In the data below, reproduce everything exactly except the images.

**Information provided**
• • • • • • •
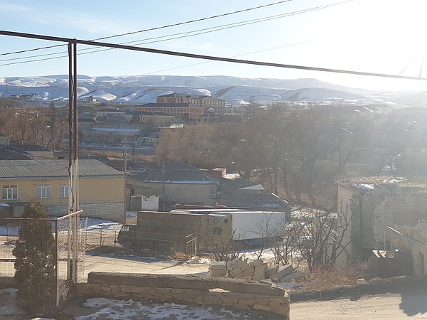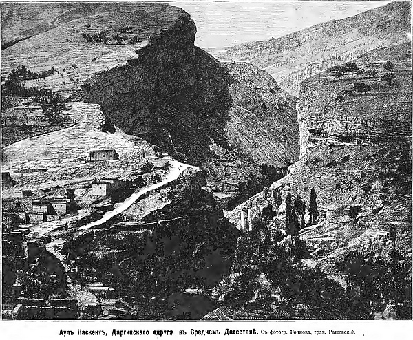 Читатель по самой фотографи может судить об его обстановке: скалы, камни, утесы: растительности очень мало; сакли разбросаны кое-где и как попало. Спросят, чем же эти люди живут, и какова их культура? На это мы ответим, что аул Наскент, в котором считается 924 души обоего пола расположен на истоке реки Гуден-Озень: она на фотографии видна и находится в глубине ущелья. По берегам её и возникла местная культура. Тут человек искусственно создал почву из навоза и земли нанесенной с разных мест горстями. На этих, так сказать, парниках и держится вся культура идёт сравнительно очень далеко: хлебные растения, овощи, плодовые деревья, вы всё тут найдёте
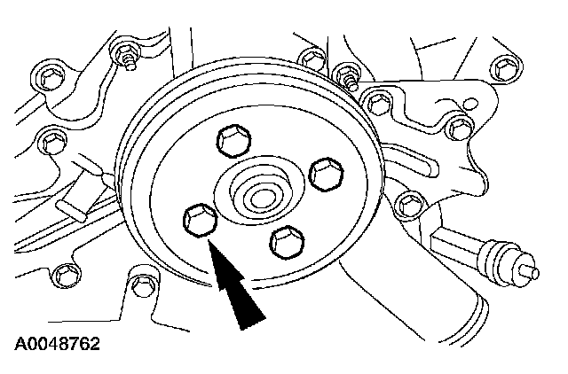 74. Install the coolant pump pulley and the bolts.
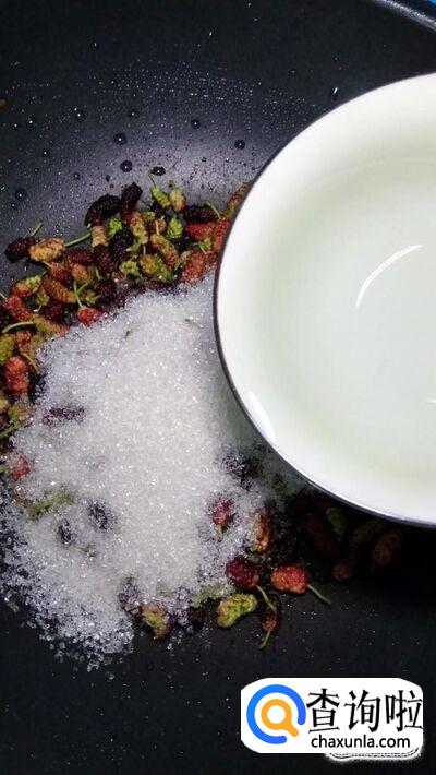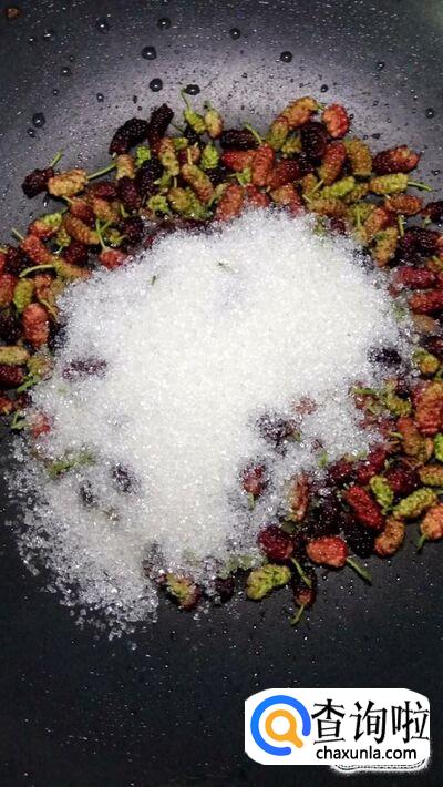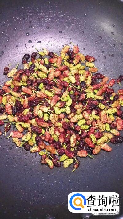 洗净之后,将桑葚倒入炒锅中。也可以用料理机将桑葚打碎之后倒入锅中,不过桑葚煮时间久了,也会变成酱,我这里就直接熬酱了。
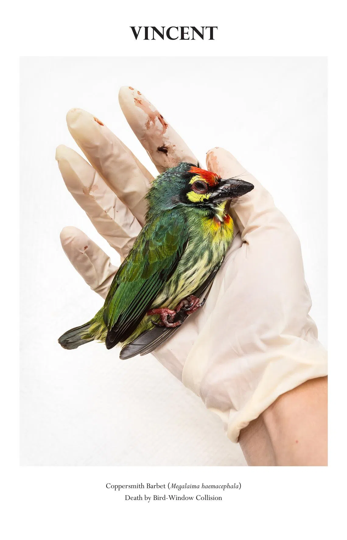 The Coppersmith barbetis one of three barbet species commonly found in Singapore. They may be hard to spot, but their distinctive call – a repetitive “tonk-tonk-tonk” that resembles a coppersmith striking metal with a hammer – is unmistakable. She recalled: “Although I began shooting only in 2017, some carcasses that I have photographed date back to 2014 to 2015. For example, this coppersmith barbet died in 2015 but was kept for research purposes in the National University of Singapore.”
• • • • • • •
**Answer**
 Читатель по самой фотографи может судить об его обстановке: скалы, камни, утесы: растительности очень мало; сакли разбросаны кое-где и как попало. Спросят, чем же эти люди живут, и какова их культура? На это мы ответим, что аул Наскент, в котором считается 924 души обоего пола расположен на истоке реки Гуден-Озень: она на фотографии видна и находится в глубине ущелья. По берегам её и возникла местная культура. Тут человек искусственно создал почву из навоза и земли нанесенной с разных мест горстями. На этих, так сказать, парниках и держится вся культура идёт сравнительно очень далеко: хлебные растения, овощи, плодовые деревья, вы всё тут найдёте
 74. Install the coolant pump pulley and the bolts.
 洗净之后,将桑葚倒入炒锅中。也可以用料理机将桑葚打碎之后倒入锅中,不过桑葚煮时间久了,也会变成酱,我这里就直接熬酱了。
 The Coppersmith barbetis one of three barbet species commonly found in Singapore. They may be hard to spot, but their distinctive call – a repetitive “tonk-tonk-tonk” that resembles a coppersmith striking metal with a hammer – is unmistakable. She recalled: “Although I began shooting only in 2017, some carcasses that I have photographed date back to 2014 to 2015. For example, this coppersmith barbet died in 2015 but was kept for research purposes in the National University of Singapore.”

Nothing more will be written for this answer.